[What is required] Give each line of the records again exactly and omit every picture.

Stored items
==========

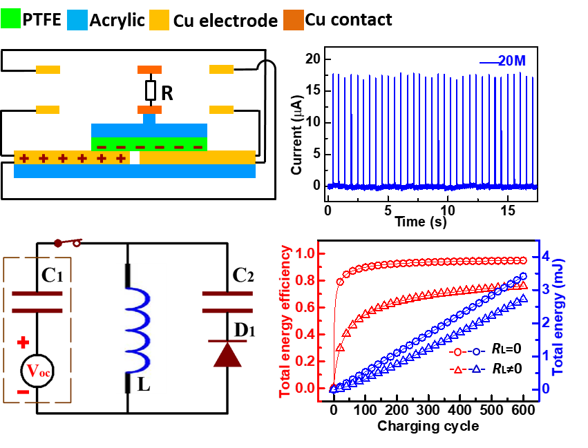 另外,在单极性脉冲TENG的基础上,程纲课题组设计了由电感、二极管和储能电容等简单原件组成的无源电源管理电路,能量存储效率可以达到48.0%,有望在TENG的自驱动传感系统中发挥重要作用。该工作“High energy storage efficiency triboelectric nanogenerator with unidirectional switch and passive power management circuit”在国际著名期刊Advanced Functional Materials(2018, 1805216)上发表。iQQTV
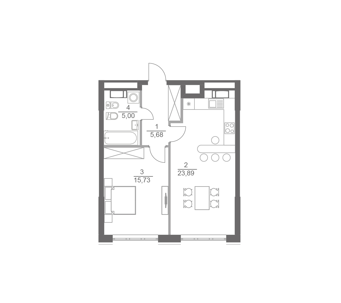 3.  Коридор: 5.68 м2
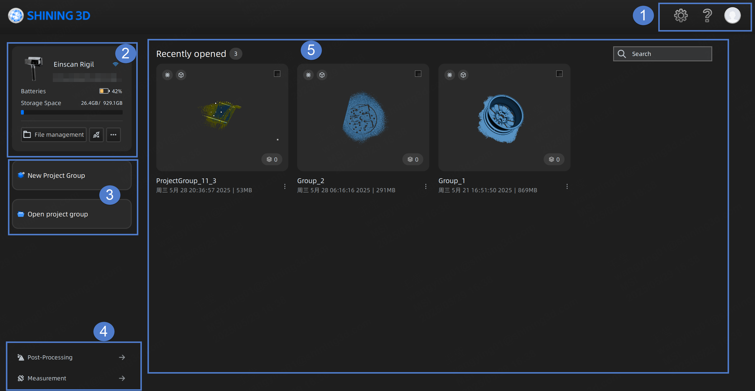 : Klicken Sie hier, um die Projekte in EinScan Rigil zu verwalten.
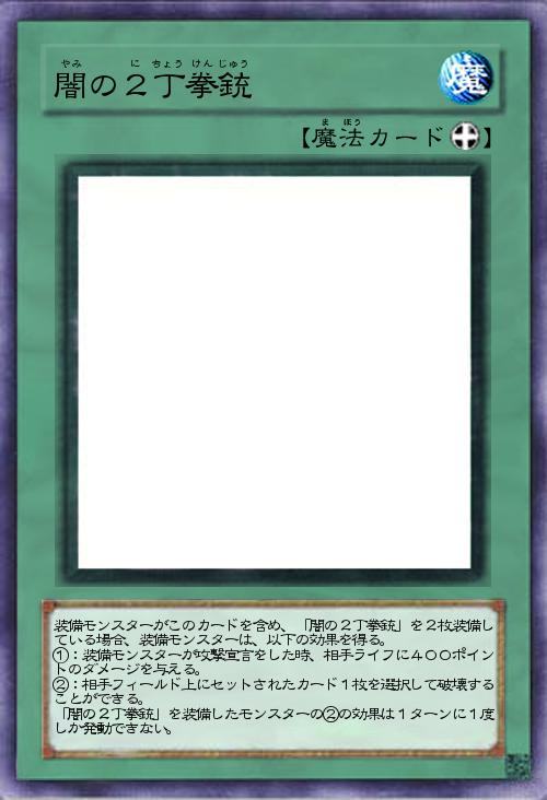 装備モンスターがこのカードを含め、「闇の2丁拳銃」を2枚装備している場合、装備モンスターは、以下の効果を得る。 ①:装備モンスターが攻撃宣言をした時、相手ライフに400ポイントのダメージを与える。 ②:相手フィールド上にセットされたカード1枚を選択して破壊することができる。 「闇の2丁拳銃」を装備したモンスターの②の効果は1ターンに1度しか発動できない。 |
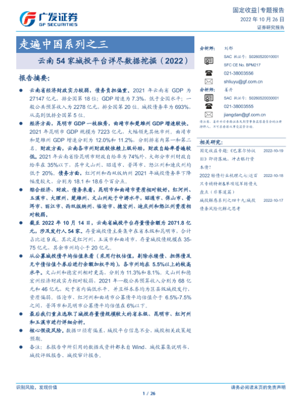 【广发证券】【20221026】走遍中国系列之三:云南54家城投平台详尽数据挖掘(2022)-26页 行业研究
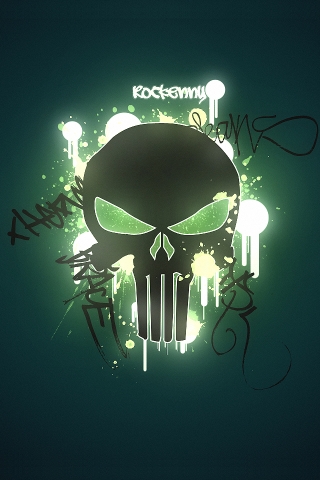 Description: A green and black wall with a skull on it's face and graffiti on the wall behind it.
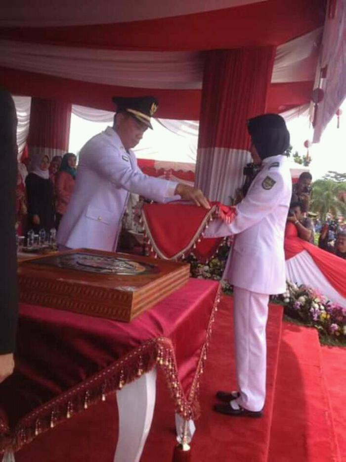 Seusai memimpin upacara, Bupati Rohul Suparman dan Wakil Bupati Sukiman melanjutkan acara memberikan penghargaan dan hadiah lomba HUT Kemerdekaan RI ke-72.

==========

[Task answer]
 另外,在单极性脉冲TENG的基础上,程纲课题组设计了由电感、二极管和储能电容等简单原件组成的无源电源管理电路,能量存储效率可以达到48.0%,有望在TENG的自驱动传感系统中发挥重要作用。该工作“High energy storage efficiency triboelectric nanogenerator with unidirectional switch and passive power management circuit”在国际著名期刊Advanced Functional Materials(2018, 1805216)上发表。iQQTV
 3.  Коридор: 5.68 м2
 : Klicken Sie hier, um die Projekte in EinScan Rigil zu verwalten.
 装備モンスターがこのカードを含め、「闇の2丁拳銃」を2枚装備している場合、装備モンスターは、以下の効果を得る。 ①:装備モンスターが攻撃宣言をした時、相手ライフに400ポイントのダメージを与える。 ②:相手フィールド上にセットされたカード1枚を選択して破壊することができる。 「闇の2丁拳銃」を装備したモンスターの②の効果は1ターンに1度しか発動できない。 |
 【广发证券】【20221026】走遍中国系列之三:云南54家城投平台详尽数据挖掘(2022)-26页 行业研究
 Description: A green and black wall with a skull on it's face and graffiti on the wall behind it.
 Seusai memimpin upacara, Bupati Rohul Suparman dan Wakil Bupati Sukiman melanjutkan acara memberikan penghargaan dan hadiah lomba HUT Kemerdekaan RI ke-72.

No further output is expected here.